— WHAT NEEDS TO BE DONE —
A word-for-word copy of the entries is needed, and it should contain no images.

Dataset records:
>>>>

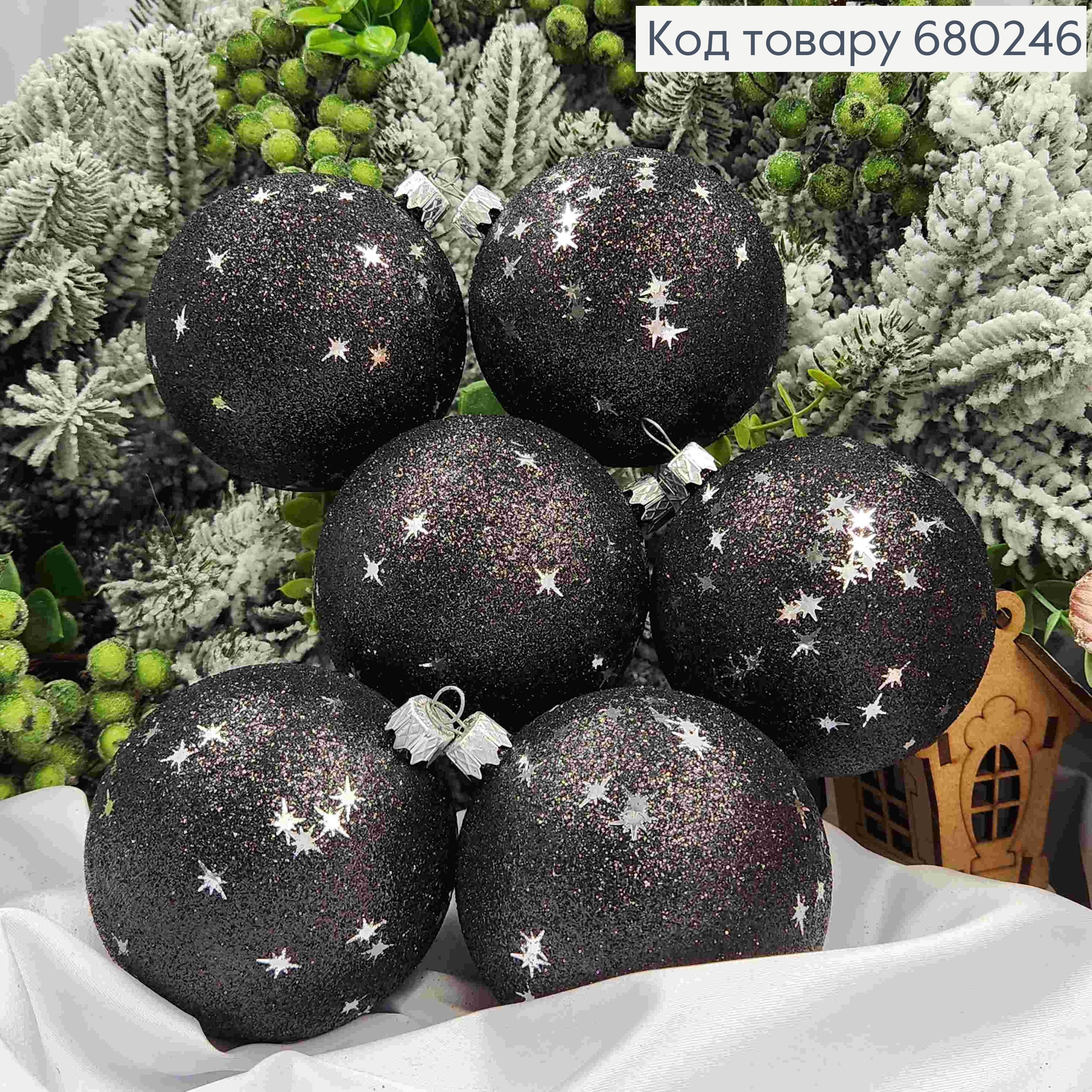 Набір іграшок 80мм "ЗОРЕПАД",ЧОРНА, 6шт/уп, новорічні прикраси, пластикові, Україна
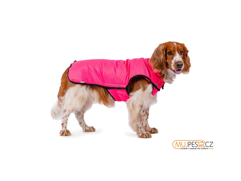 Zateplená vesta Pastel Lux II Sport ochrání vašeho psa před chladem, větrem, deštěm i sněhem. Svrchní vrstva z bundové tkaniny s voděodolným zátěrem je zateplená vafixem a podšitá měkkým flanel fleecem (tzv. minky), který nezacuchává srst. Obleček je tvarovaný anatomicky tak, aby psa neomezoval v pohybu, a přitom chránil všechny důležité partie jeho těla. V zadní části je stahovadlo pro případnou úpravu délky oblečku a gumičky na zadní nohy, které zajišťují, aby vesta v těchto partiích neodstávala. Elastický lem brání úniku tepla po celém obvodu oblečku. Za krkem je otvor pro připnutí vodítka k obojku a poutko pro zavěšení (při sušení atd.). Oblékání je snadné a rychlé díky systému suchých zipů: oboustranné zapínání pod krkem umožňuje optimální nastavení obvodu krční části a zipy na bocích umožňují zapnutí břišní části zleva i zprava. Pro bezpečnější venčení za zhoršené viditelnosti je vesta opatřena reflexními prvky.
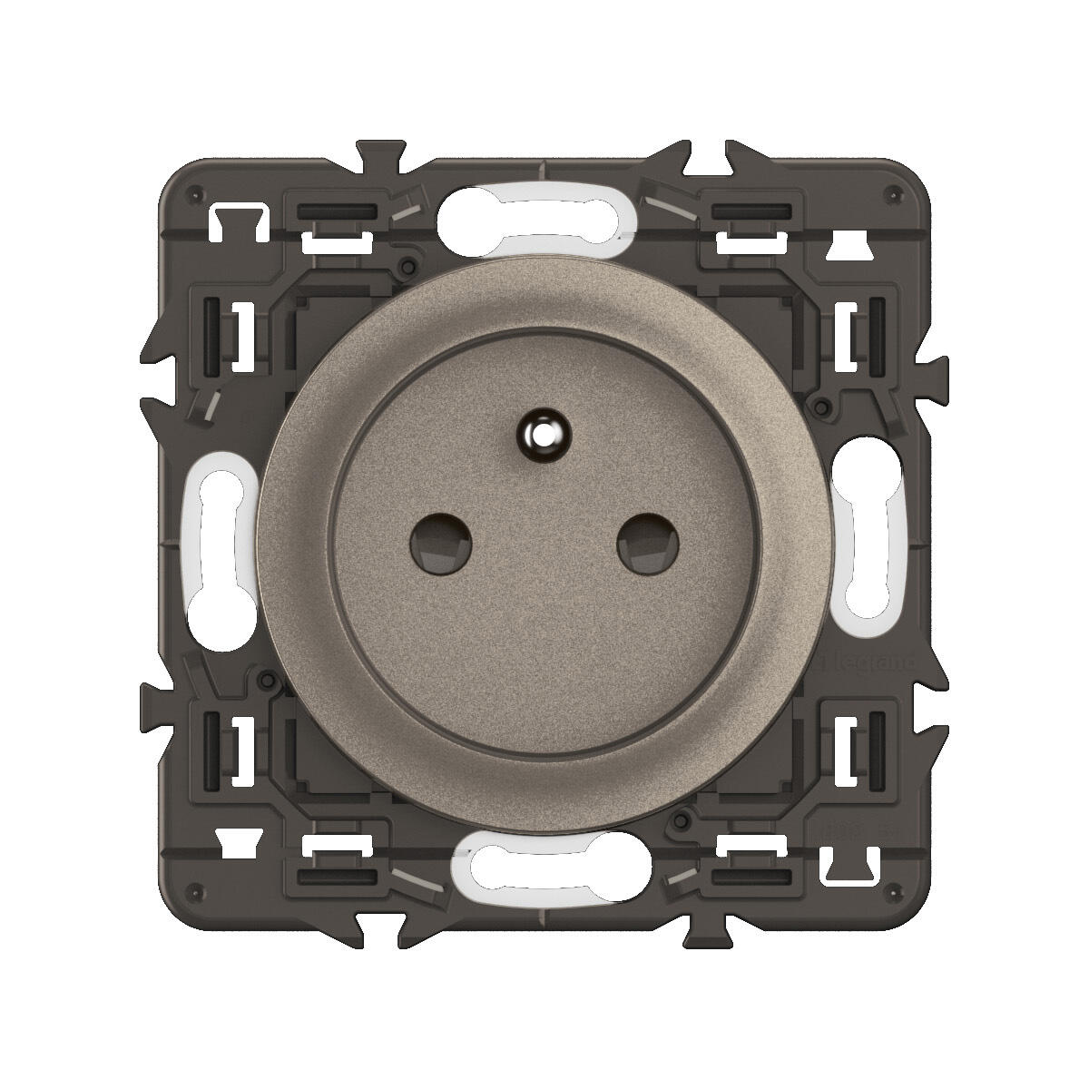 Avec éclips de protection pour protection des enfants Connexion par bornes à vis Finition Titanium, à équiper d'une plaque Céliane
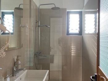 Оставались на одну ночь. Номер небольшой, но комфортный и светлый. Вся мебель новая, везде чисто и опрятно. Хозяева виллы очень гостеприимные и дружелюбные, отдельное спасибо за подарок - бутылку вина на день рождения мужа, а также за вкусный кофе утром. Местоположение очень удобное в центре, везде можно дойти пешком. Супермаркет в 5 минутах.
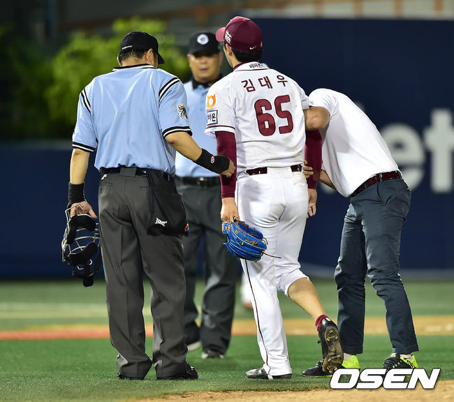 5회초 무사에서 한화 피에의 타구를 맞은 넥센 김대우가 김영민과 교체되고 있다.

<<<<

— SOLUTION BELOW —
 Набір іграшок 80мм "ЗОРЕПАД",ЧОРНА, 6шт/уп, новорічні прикраси, пластикові, Україна
 Zateplená vesta Pastel Lux II Sport ochrání vašeho psa před chladem, větrem, deštěm i sněhem. Svrchní vrstva z bundové tkaniny s voděodolným zátěrem je zateplená vafixem a podšitá měkkým flanel fleecem (tzv. minky), který nezacuchává srst. Obleček je tvarovaný anatomicky tak, aby psa neomezoval v pohybu, a přitom chránil všechny důležité partie jeho těla. V zadní části je stahovadlo pro případnou úpravu délky oblečku a gumičky na zadní nohy, které zajišťují, aby vesta v těchto partiích neodstávala. Elastický lem brání úniku tepla po celém obvodu oblečku. Za krkem je otvor pro připnutí vodítka k obojku a poutko pro zavěšení (při sušení atd.). Oblékání je snadné a rychlé díky systému suchých zipů: oboustranné zapínání pod krkem umožňuje optimální nastavení obvodu krční části a zipy na bocích umožňují zapnutí břišní části zleva i zprava. Pro bezpečnější venčení za zhoršené viditelnosti je vesta opatřena reflexními prvky.
 Avec éclips de protection pour protection des enfants Connexion par bornes à vis Finition Titanium, à équiper d'une plaque Céliane
 Оставались на одну ночь. Номер небольшой, но комфортный и светлый. Вся мебель новая, везде чисто и опрятно. Хозяева виллы очень гостеприимные и дружелюбные, отдельное спасибо за подарок - бутылку вина на день рождения мужа, а также за вкусный кофе утром. Местоположение очень удобное в центре, везде можно дойти пешком. Супермаркет в 5 минутах.
 5회초 무사에서 한화 피에의 타구를 맞은 넥센 김대우가 김영민과 교체되고 있다.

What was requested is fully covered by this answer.